È interessante notare che già all’epoca si disponeva di un’organizzazione sociale capace di erigere strutture monumentali, tanto da suggerire un decisivo cambiamento nelle abitudini del nostro antenato anche se non sono state rinvenute abitazioni, piante o animali domestici.
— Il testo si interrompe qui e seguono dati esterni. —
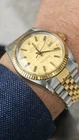 The Vintage Rolex Datejust 16013 Champagne Linen Dial Men's Automatic Watch from 1984 is a luxurious timepiece with a classic design. Featuring a gold bezel, stainless steel case, and a champagne dial with baton indexes, this watch exudes elegance and sophistication. With 27 jewels and a mechanical automatic movement, this Rolex model is a reliable and stylish choice for any formal occasion. The Rolex Jubilee band and screwback caseback add to the watch's timeless appeal, making it a sought-after piece for collectors and watch enthusiasts. I am so excited to be able to offer you a gorgeous vintage Rolex Oyster Perpetual Datejust Ref.16013 men's automatic watch. The stainless steel Oyster case, screw down caseback, yellow gold fluted bezel and crystal are all in good condition for its age. The dial is fitted with gold hands & markers and a date window at 3 o'clock position which is a great asset to this vintage. The robust 36mm stainless steel Oyster case with a screw down Rolex crown and Rolex Jubilee bracelet have remained in good condition with general wear but no significant damage. In fully working order- runs strong and tells good time, powered by a reliable Rolex 3035 movement with 27 jewels. Reference and serial numbers are both sharp and strong. Serial number 818**** says it dates to 1984. The original Rolex 18k gold & stainless steel Jubilee bracelet will fit up to 7.3 inches wrist. You will get exactly what you see. The pictures say it all. Please check all my pictures for more details as they are the best description of the watch much better than I could. I will ship the watch to your door using FedEx International Priority. Expected to arrive in 3~5 days of shipping. No box or papers are included. Please note, the buyers are responsible for import and duty fees. I am so grateful you have visited my E-house, Sir...... Thanks for your attention !!
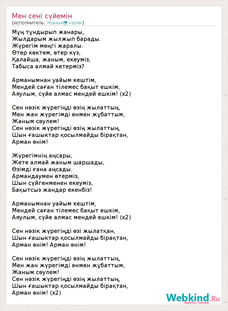 Мұң тұндырып жанары, Жылдарым жылжып барады. Жүрегім мәңгі жаралы. Өтер көктем, өтер күз, Қалайша, жаным, екеуміз, Табыса алмай кетерміз? Арманымнан уайым кештім, Мендей саған тілемес бақыт ешкім, Аяулым, сүйе алмас мендей ешкім! (х2) Сен нәзік жүрегіңді өзің жылаттың, Мен жан жүрегімді әнмен жұбаттым, Жаным сәулем! Сен нәзік жүрегіңді өзің жылаттың, Шын ғашыктар қосылмайды бірақтан, Арман әнім! Жүрегімнің аңсары, Жете алмай жаным шаршады, Өзімді ғана аңсады. Армандаумен өтерміз, Шын сүйгенменен екеуміз, Бақытсыз жандар екенбіз! Арманымнан уайым кештім, Мендей саған тілемес бақыт ешкім, Аяулым, сүйе алмас мендей ешкім! (х2) Сен нәзік жүрегіңді өзі жылатқан, Шын ғашыктар қосылмайды бірақтан, Арман әнім! Арман әнім! Сен нәзік жүрегіңді өзің жылаттың, Мен жан жүрегімді әнмен жұбаттым, Жаным сәулем! Сен нәзік жүрегіңді өзің жылаттың, Шын ғашыктар қосылмайды бірақтан, Арман әнім! (х2)
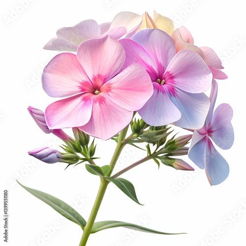 Phlox 3D rendered flower delicately isolated on a white background with vibrant petals and intricate textures
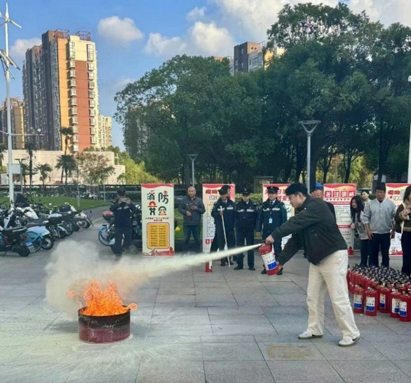 理论讲解结束后,培训活动进入了实践操作环节。在先进材料楼南广场的消防演练区域,整齐摆放着各类消防器材,保卫处工作人员详细介绍了不同灭火器的使用场景和使用方法,在活动现场模拟了初发火灾,师生们全神贯注地听工作人员的讲解,仔细观察示范动作,而后逐一拿起灭火器进行现场操作,站在火源上风安全距离处,亲自体验灭火器使用方法和灭火技巧,做到对于灭火器人人会操作,人人敢使用,提高了大家面对初始火情的应急处置能力。
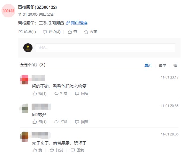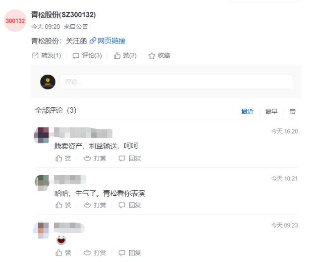 对于深交所的问询,不少投资者表示了支持,还有人调侃称“问的不错,看看他们怎么答复”、“壳子卖了,商誉暴雷,玩坏了”、“贱卖资产,利益输送”、“哈哈,生气了。青松看你表演”。
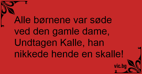 Alle børnene var søde ved den gamle dame, Undtagen Kalle, han nikkede hende en skalle!
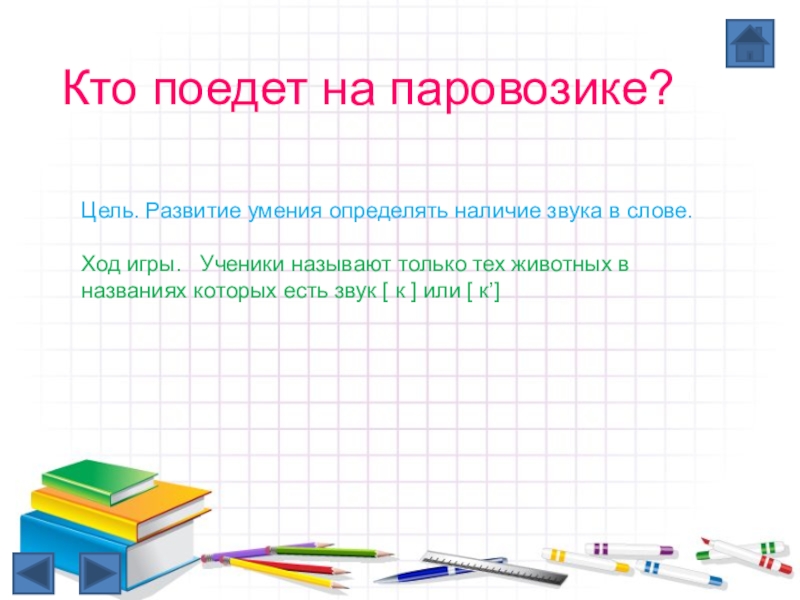 игры. Ученики называют только тех животных в названиях которых есть звук [ к ] или [ к’]
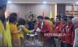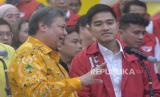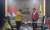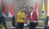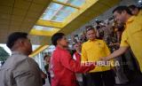 Ketua Umum Partai Golkar Airlangga Hartarto berjabat tangan dengan Ketua Umum PSI Kaesang Pangarep saat melakukan pertemuan silahturahmi di Kantor DPP Partai Golkar, Jakarta , Kamis (11/7/2024). Pertemuan silahturahmi antar kedua partai tersebut membahas komunikasi politik antara lain yaitu seputar Pilkada Serentak 2024. (FOTO : Republika/Prayogi)
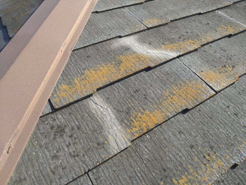現地調査を行ったところ、お客様のお宅は築年数が経過した古いお住まいで、屋根材(スレート瓦やセメント瓦)には以下の深刻な症状が見受けられました。
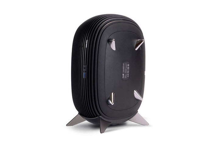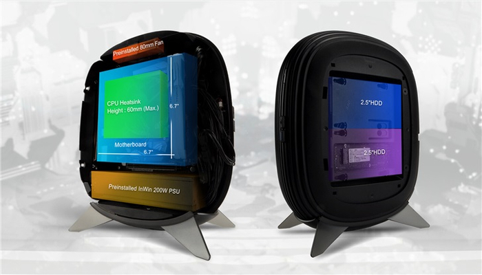IT之家了解到,这款机箱采用了同心圆环层叠设计,中间有空隙,可以帮助散热,空隙也经过了防尘处理。机箱的侧面为钢化玻璃,可以安装两块2.5英寸的硬盘。B1机箱附带一个垂直支架,可以竖放也可以横放。迎广B1机箱的尺寸为108×302×238mm,CPU散热器的最大高度支持到为60mm。
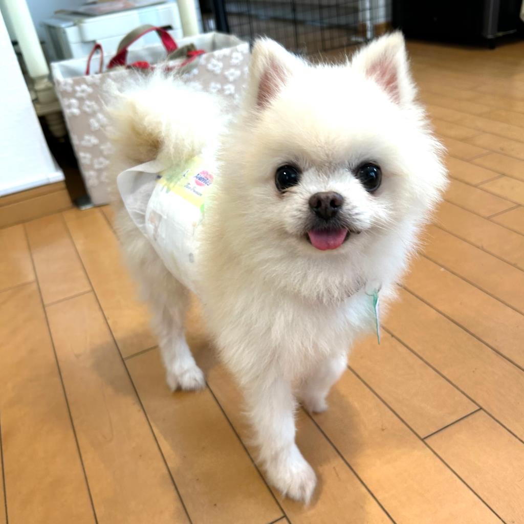 日常の様子:好奇心旺盛で同居犬のあとを追います。チョコチョコと家の中を歩き回って探検しています。マイペースなので、ご飯はお腹が空いてから他犬と隔離してあげています。びっくりすると、固まります。お留守番はゲージ内ですが、基本的に室内フリーで過ごしています。
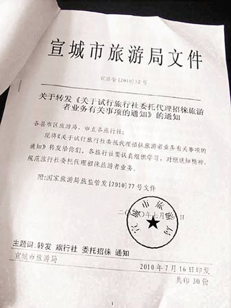 記者向當(dāng)?shù)芈糜螛I(yè)界人士了解了一些情況,據(jù)說整個(gè)宣城市,包括涇縣在內(nèi),沒有一家旅行社具備組織出境游的資格。當(dāng)?shù)芈眯猩缱疃酁楹戏省⒛暇┑鹊芈眯猩缱龃頂埧偷臉I(yè)務(wù)。

Eppure negli strati corrispondenti al tempio megalitico si trovano manufatti in pietra, ossa di animali selvatici, semi di piante selvatiche e legno carbonizzato: indizi confortanti per asserire che vi fu un insediamento stabile.
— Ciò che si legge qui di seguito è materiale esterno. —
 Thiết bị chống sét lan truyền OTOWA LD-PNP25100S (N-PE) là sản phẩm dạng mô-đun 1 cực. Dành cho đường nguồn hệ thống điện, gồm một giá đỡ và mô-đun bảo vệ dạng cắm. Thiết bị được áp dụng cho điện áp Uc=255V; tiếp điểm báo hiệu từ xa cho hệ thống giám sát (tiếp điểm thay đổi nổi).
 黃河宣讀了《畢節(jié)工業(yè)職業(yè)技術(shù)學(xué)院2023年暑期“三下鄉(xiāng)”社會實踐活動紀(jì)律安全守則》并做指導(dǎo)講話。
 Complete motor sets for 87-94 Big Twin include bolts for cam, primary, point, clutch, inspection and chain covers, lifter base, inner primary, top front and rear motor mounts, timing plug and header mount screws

Verso l’8000 a.C. questo importante luogo di culto venne abbandonato, non prima di aver seppellito tutto con cumuli di terra.
Il direttore di Archeo Andreas M. Steiner è ben conscio delle implicazioni che possono scaturire dalla scoperta del sito di Gobekli Tepe: “Se, come suggeriscono i monumenti di Gobekli Tepe, secoli prima dell’avvento della domesticazione di piante e animali esistevano gruppi di uomini capeggiati da leader carismatici, sacerdoti o stregoni, in grado di organizzare e gestire il potere, allora la nostra idea di come avvenne il passaggio dal Paleolitico al Neolitico deve cambiare radicalmente: l’agricoltura potrebbe essere nata non dalla necessità materiale di fronteggiare una minacciosa crisi alimentare, ma come epifenomeno di un bisogno diverso, quello di ottenere – grazie alla produzione e all’accumulo della nuova ricchezza – uno status sociale da esibire come segno di potere. Potremmo, insomma, trovarci di fronte al primato della politica sull’economia.” (“Archeo” 279, maggio 2008).